R-tree is a tree data structure used for storing spatial data indexes in an efficient manner. R-trees are highly useful for spatial data queries and storage. Some of the real-life applications are mentioned below:
- Indexing multi-dimensional information.
- Handling geospatial coordinates.
- Implementation of virtual maps.
- Handling game data.
Example:

R-Tree Representation:

R Tree Representation
Properties of R-tree:
- Consists of a single root, internals nodes, and leaf nodes.
- The root contains the pointer to the largest region in the spatial domain.
- Parent nodes contains pointers to their child nodes where the region of child nodes completely overlaps the regions of parent nodes.
- Leaf nodes contains data about the MBR to the current objects.

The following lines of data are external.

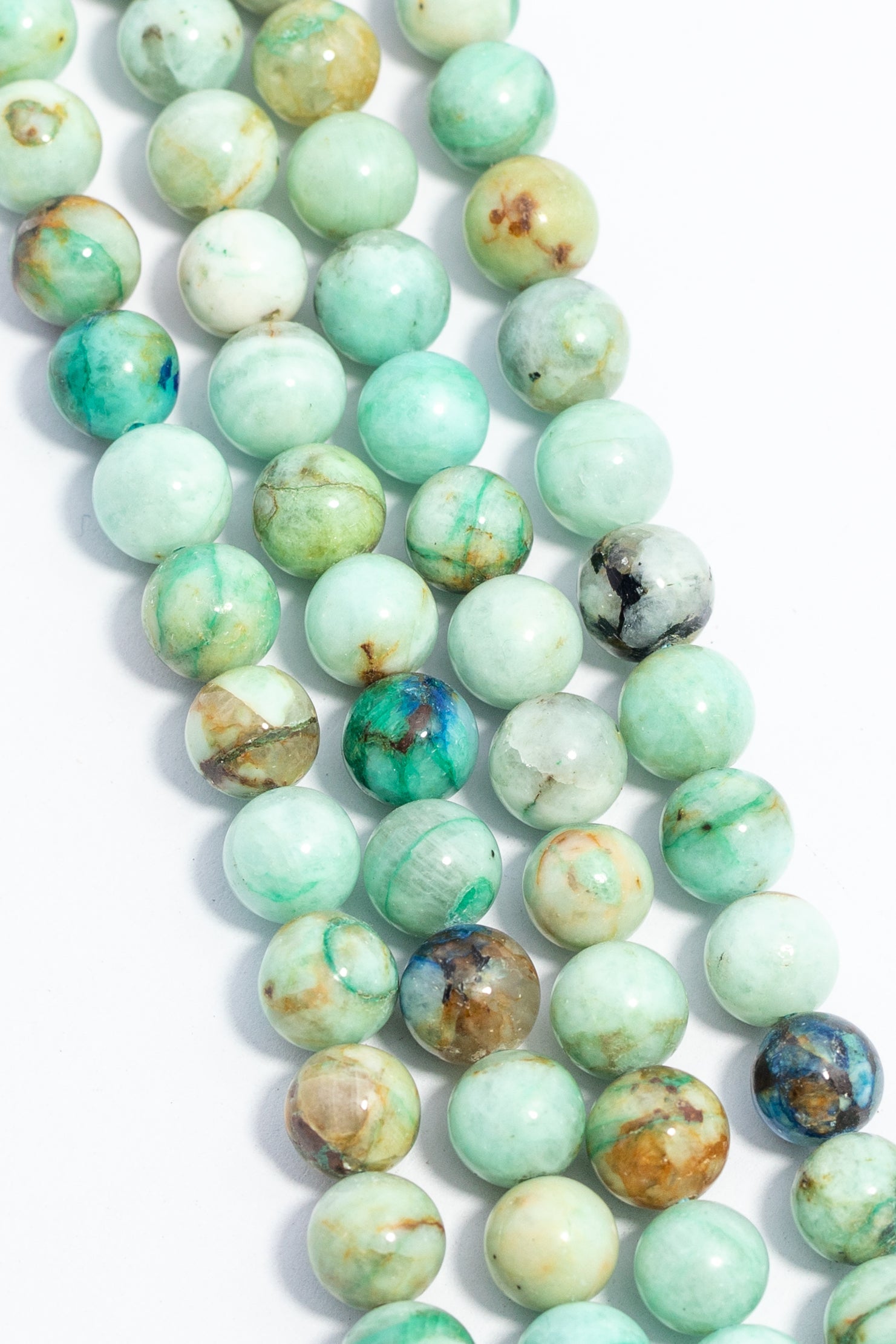 Cuentas esféricas de azurita natural con un acabado liso y pulido. Presentan una rica mezcla de colores que incluyen verde menta pÁlido, marrón óxido, blanco y toques de azul intenso. Ideales para joyería boho o diseños de primavera, como pulseras o collares que busquen un color orgÁnico, suave y terrenal.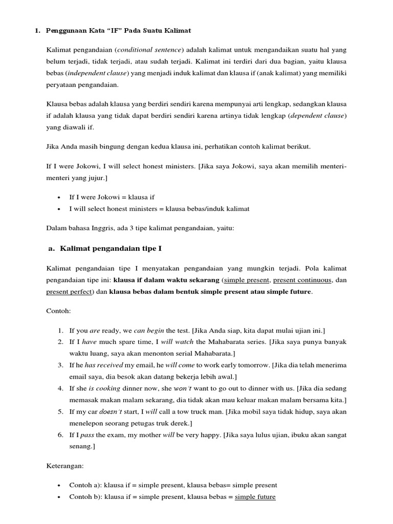 Jika aku bekerja keras aku akan memiliki banyak uang. Bila saya besar nanti saya ingin menjadi dokter. Sebenarnya pengertian kalimat aktif dan pasif dalam bahasa inggris sama saja dengan pengertiannya dalam bahasa indonesiaa. Kalimat pengandaian tipe i menyatakan pengandaian yang mungkin terjadi. Kami akan pergi jika kamu juga ikut ke sana. Conditional sentence merupakan suatu kalimat dalam bahasa inggris yang digunakan untuk mengungkapkan keinginan harapan pengandaian atau rencana yang mungkin dapat atau tidak dapat terwujud.
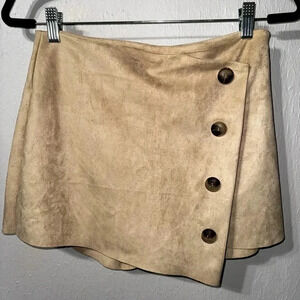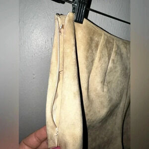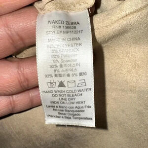 Polyester/spandex blend. Buttery soft material. Tan color with zipper on the side for closure.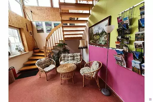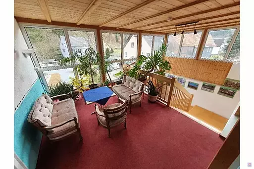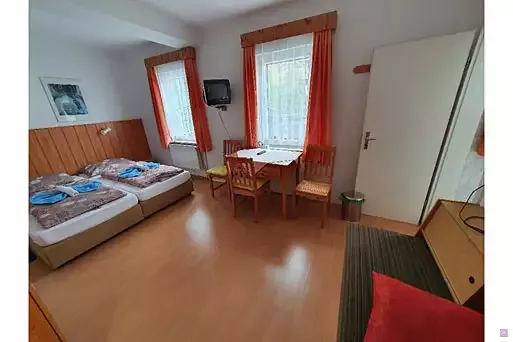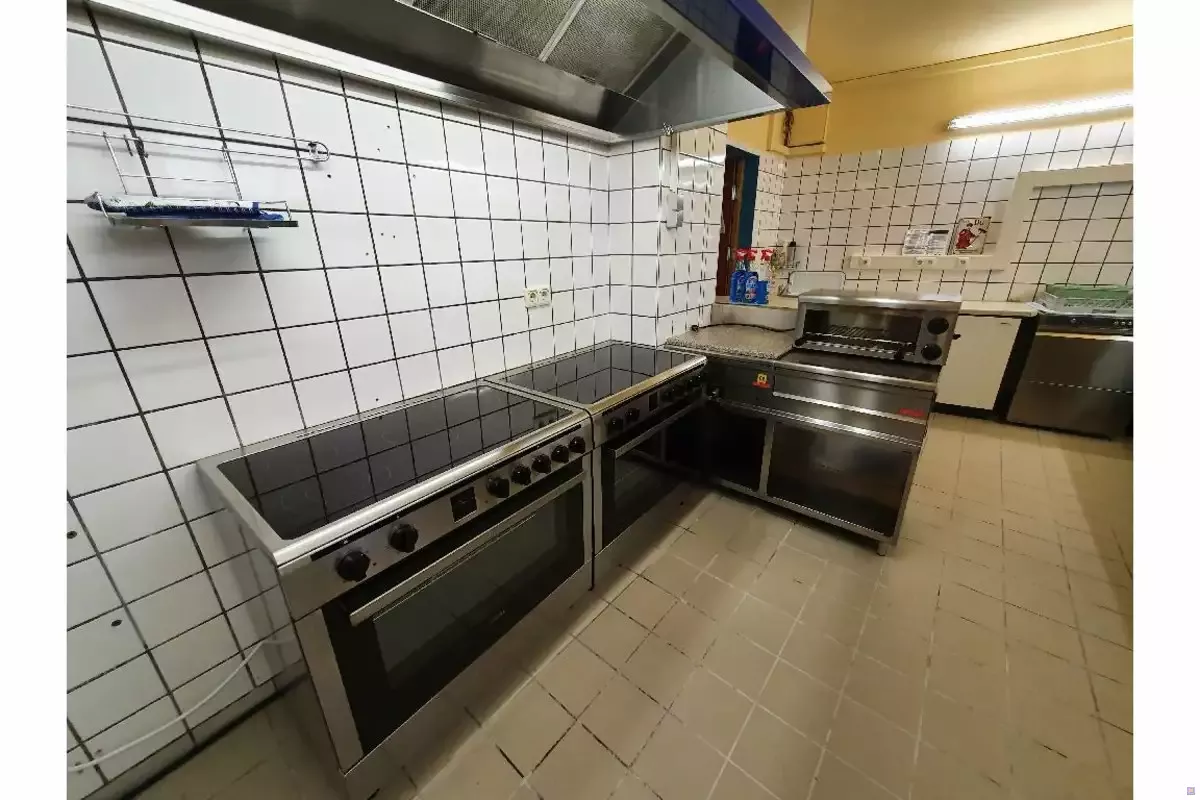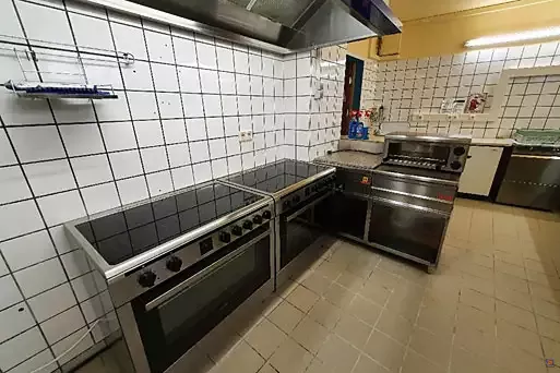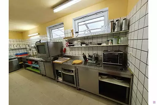 Im Erdgeschoß befindet sich die Küche, Speisesaal, Aufenthaltsraum mit Theke, Sitzgruppen und großem TV, ein großer Saal mit Spielgeräten, Bühne, Musikanlage und Tanzfläche, im 1. & 2. OG befinden sich die Zimmer alle mit Dusche/WC u. im 1.OG eine Dachterrasse und ein Raucherzimmer. Die Küche ist ausgestattet mit Kühlschänken, Gefrierschränken, Gastro-E-Herd, Backofen, Gastro-Geschirrspüler, Töpfe, Pfannen und Geschirr. Grillplatz & Parkplätze befinden sich im Hof.
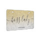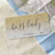 Modern boss lady quote yellow gold glitter sparkles ombre on white marble with an elegant script calligraphy.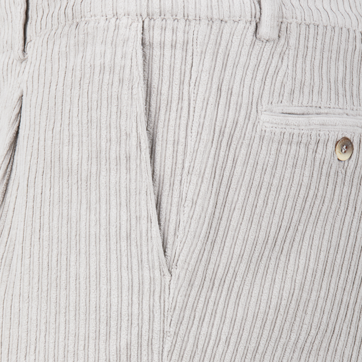 Pantalone uomo dalla vestibilità asciutta con pence singola realizzato in velluto di cotone leggermente elasticizzato effetto rocciatore con alternanza di righe strette e larghe. Chiusura centrale con bottone e zip, tasche anteriori taglio america, tasche posteriori a filetto con bottone di chiusura. Asole e dettagli con filo in tinta, bottoni a contrasto, interni realizzati in cotone micro fantasia stampa cravatta. Larghezza fondo 18 cm. Il capo ha subito dopo la confezione un lavaggio enzimatico a pietre per conferire al pantalone un aspetto leggermente vissuto.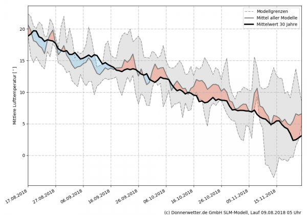 In den nächsten Wochen bestimmt eine jahreszeitlich zu kühle, feuchte und sonnenarme Phase das Wetter im Osten des Landes. In der zweiten Septemberhälfte deuten sich aus aktuelle Sicht dann wieder zu warme Temperaturen an und die Sonne zeigt sich wieder deutlich häufiger.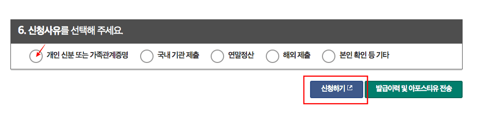 마지막으로 신청사유를 선택하고 하단의 신청하기 버튼을 클릭하면 됩니다.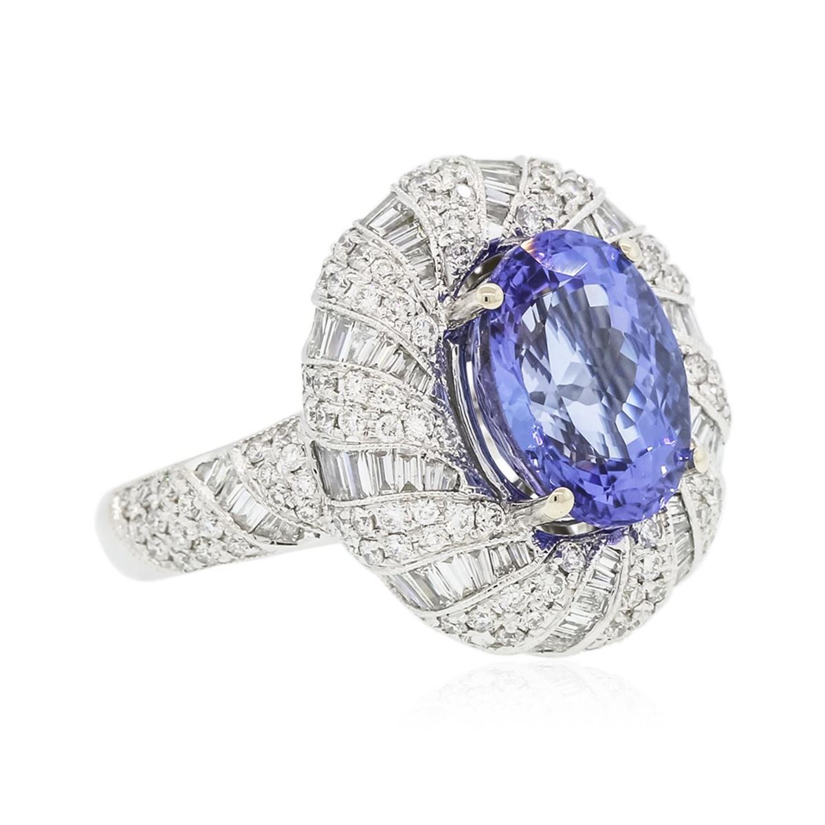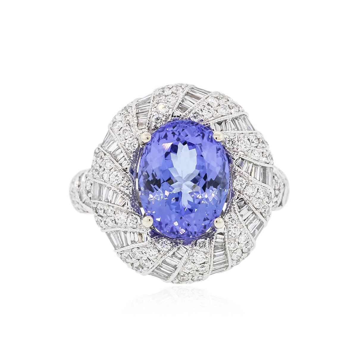 One electronically tested 18KT white gold ladies combination cast & assembled prong set ring with a bright polish finish. Identified with markings of "750". Condition is new. Containing: One prong set oval modified brilliant cut natural tanzanite, measuring 11.66 x 8.95 x 6.83mm, approximate weight of 4.86ct., clarity is eye clean, type I, medium light, very slightly grayish, violet color, (GIA V 4/3), cut is good. One Hundred Sixty-Six prong set round brilliant cut diamonds, measuring 1.30 - 1.10 x 0.72mm (depth est.) approximate total weight of 166 Stones = 1.05ct. Clarity: SI-2 to I-1. Color: H - I, Cut is Good. All diamonds are graded in the mounting, unless otherwise stated, Colored gemstones are presumed to have been subjected to commonly used enhancement processes. One Hundred Ten channel set baguette cut diamonds, measuring from 1.10 x 1.10 x 0.94mm (depth est.) to 2.00 x 1.50 x 1.28mm (depth est.) approximate total weight of 110 Stones = 2.24ct. Clarity: SI-1. Color: G - H, Cut is Good. Colored gemstones are presumed to have been subjected to commonly used enhancement processes. All diamonds and colored gemstones are graded in the mounting, unless otherwise stated. Total Weight of Colored Stones 4.86ct. Total Weight of Diamonds 3.29ct. Total Weight of Ring 11.50 grams. GGL Appraised at $20,495.00.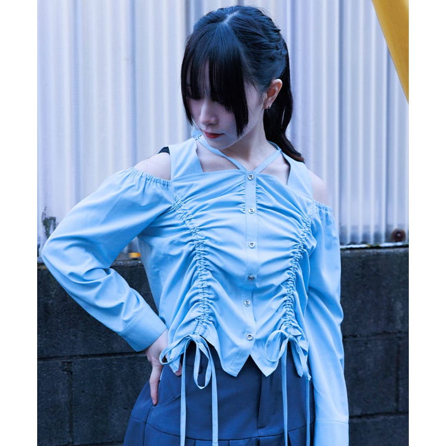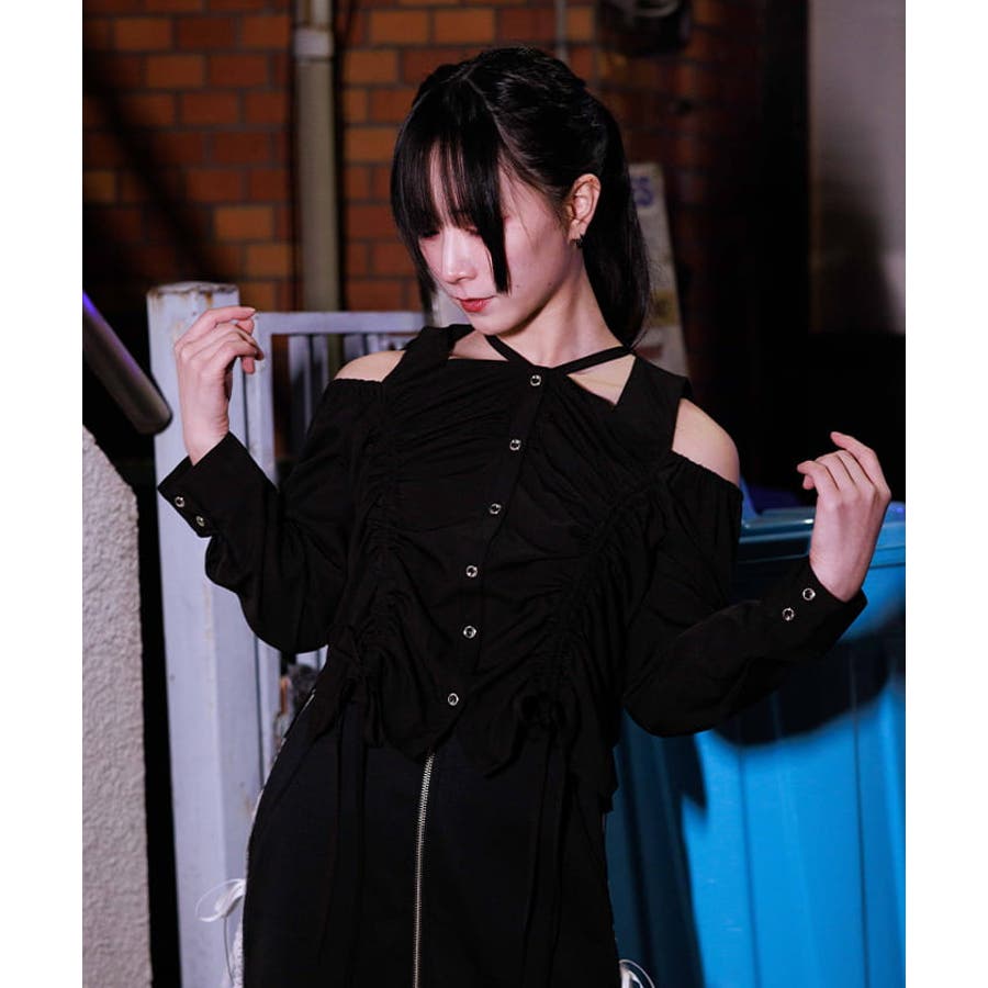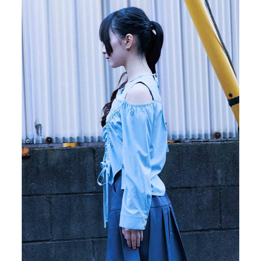 ドロストデザイン肩あきブラウス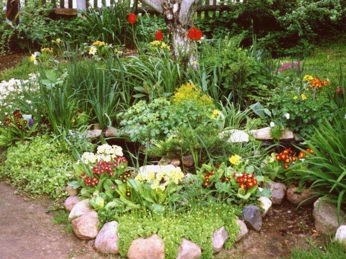Для начинающих садоводов этот цветник можно считать идеальным вариантом. Никаких строгих форм и указаний. Полная свобода действий. Здесь можно сочетать однолетники, многолетники и луковичные цветы. Если будут использоваться высокорослые цветы, то рекомендуется сажать их так, чтобы они не затеняли остальные (это правило распространяется на все виды клумб).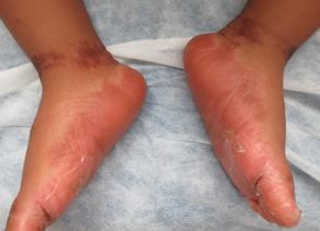 Existe heterogeneidade de apresentação, mas são comuns pápulas ceratósicas foliculares, placas eritêmato-alaranjadas e ceratodermia palmo-plantar. Pode também haver hipo e hiperpigmentação, além de prurido. Raramente compromete mucosas. A evolução é igualmente variável, podendo ocorrer desde remissão espontânea, períodos de remissão e recidiva, até curso crônico. Foram propostas alterações no metabolismo da vitamina A, anormalidade de resposta a infecções ou ainda predisposição genética como fatores contribuintes para seu desenvolvimento. Trata-se de um caso de pitiríase rubra pilar, que pode ser dividida em 6 tipos, de acordo com a idade de início, morfologia e distribuição das lesões, curso da doença e associação com a infecção pelo HIV.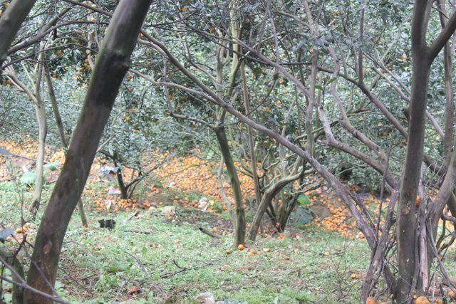 Hai huyện Bắc Quang và Quang Bình của tỉnh Hà Giang đã bị rụng khoảng 10.000 tấn cam (ảnh Giang Hiệp)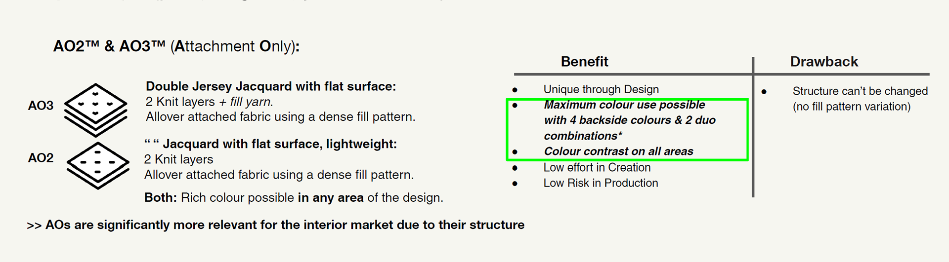 3. Shift focus on AO textiles & high-volume productions for the interior market.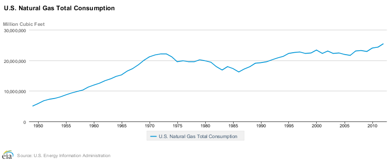 Veamos cómo ha evolucionado el consumo de gas natural en los EE.UU. (datos de la Energy Information Administration):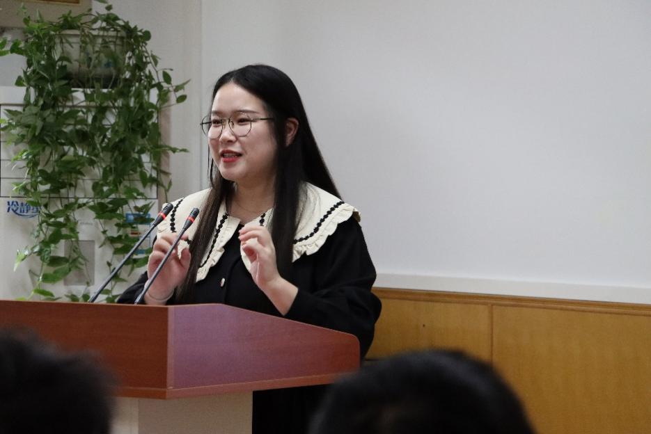 公司2021级思想政治教育专业研究生刘森作为在校生代表发言,讲述了她对“研究生”这个身份的理解。研究生以研究为先,做好学术研究是本职所在,在充分阅读经典文献的同时,及时了解最新研究成果,多向师长请教,利用好公司和公司的各种学术研讨的机会和平台;要保持健康的身心,养成良好的生活作息习惯,练就强健的体魄,塑造过硬的心理素质,健康、快乐、充实地走过研究生阶段。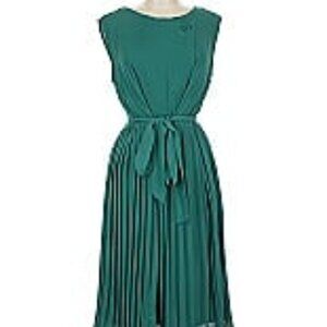 Vintage style teal fit and flare dress with a pleated skirt and belted waist. Great condition. Hits just below the knee. Great for weddings, brunch, or the office. 100% polyester.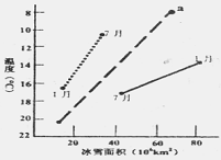 下图中的三条线表示全球及南、北半球月平均气温变化与冰雪覆盖面积的对应值,读图回答45-46题。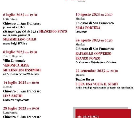 Sette appuntamenti in programma per il format “Sorrento Incontra“, promosso dal Comune di Sorrento e realizzato da InScena, dal 6 Luglio al 22 Settembre 2023.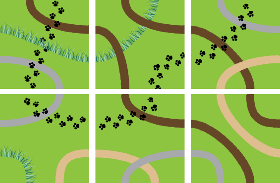With dogs, and specifically a dog park, as the theme for the game, I set about creating the variations for all 36 tiles with things that can be found in a dog park. Each tile is built on a grass green base, while the paths on the tiles are made up of sidewalks, dirt, sand, paw prints, and overgrown grass edges.Send me some information about how you see us working together.

- MBR-Minimum bounding region refers to the minimal bounding box parameter surrounding the region/object under consideration.
Comparison with Quad-trees:
- Tiling level optimization is required in Quad-trees whereas an R-tree doesn’t require any such optimization.
- Quad-tree can be implemented on top of existing B-tree whereas R-tree follow a different structure from a B-tree.
- Spatial index creation in Quad-trees is faster as compared to R-trees.
- R-trees are faster than Quad-trees for Nearest Neighbour queries while for window queries, Quad-trees are faster than R-trees.